This function takes the real x (feature predictors) and y (target) values, also number of epochs and learning rate, and then makes iterations and 𝛉 updates at the end of each epoch. 𝛉 is denoted as b in the code, while b0 is intercept in the linear function. First is calculated the predicted value (y_predicted), then cost function (MSE), and then gradient according to the formula above. Then the b is updated by this gradient and the intensity of this update is regulated by the learning rate. Then the process repeats itself for the new epoch, until the end of the number of epochs, while in this case we expect that the gradient will be 0 until now, so it will reach the optimal value of b. This is the revealed secret of Machine Learning, although it could be far more complicated in more complex examples.
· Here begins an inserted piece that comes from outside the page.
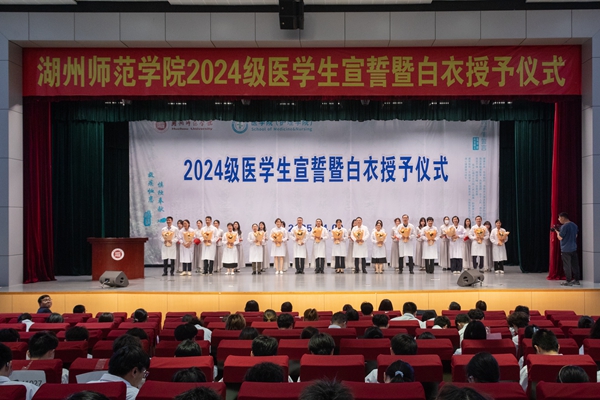 我校2018届临床医学专业校友、浙江大学在读博士杨波作为校友代表发言。他表达了对母校的感激之情,勉励学弟学妹们要潜心学习、专注钻研、勇敢前行、胸怀大志、追求卓越。新生代表、2024级口腔医学专业刘颖同学表示,相聚湖师是一种缘分,来到医学院,就是“医家人”。她号召全体医学生谨记医护工作者的使命和担当,向医学前辈和优秀校友学习,无愧身穿白衣,无愧“医者”之名。

So, let’s make some fake data and see the convergence of this simple algorithm to the optimal value of 𝛉. We will see him moving for different number of iterations (epochs).

Some fake data first:

import numpy as np
import matplotlib.pyplot as plt
predictor = np.random.randn(1000)
target = [2*x + 4 + 0.02*np.random.uniform(1000) for x in predictor] # we create some fake data
plt.figure(figsize=(4,4))
plt.scatter(predictor, target);
Fake simple data.

Now we will plot the predicted value for the different epoch size and we will see how the 𝛉 slowly converge to the optimal value (red color):

plt.figure(figsize=(8,8))
plt.xlabel('x')
plt.ylabel('y')

epochs = {'y':10, 'orange':20, 'blue':30, 'green':100, 'red':1000}

for color, epoch in epochs.items():
b, b0, cost = linear_regression(predictor, target, b=0, b0=0, epochs=epoch, learning_rate=0.01)
predicted = [b0+b*x for x in predictor]

plt.scatter(predictor, target);
plt.plot(predictor, predicted, color=color, label=f'fitted line - prediction for {epoch} epoch')
plt.legend(loc='best')
plt.xlabel('x')
plt.ylabel('y');
Conversion of the weight 𝛉 to the optimal value.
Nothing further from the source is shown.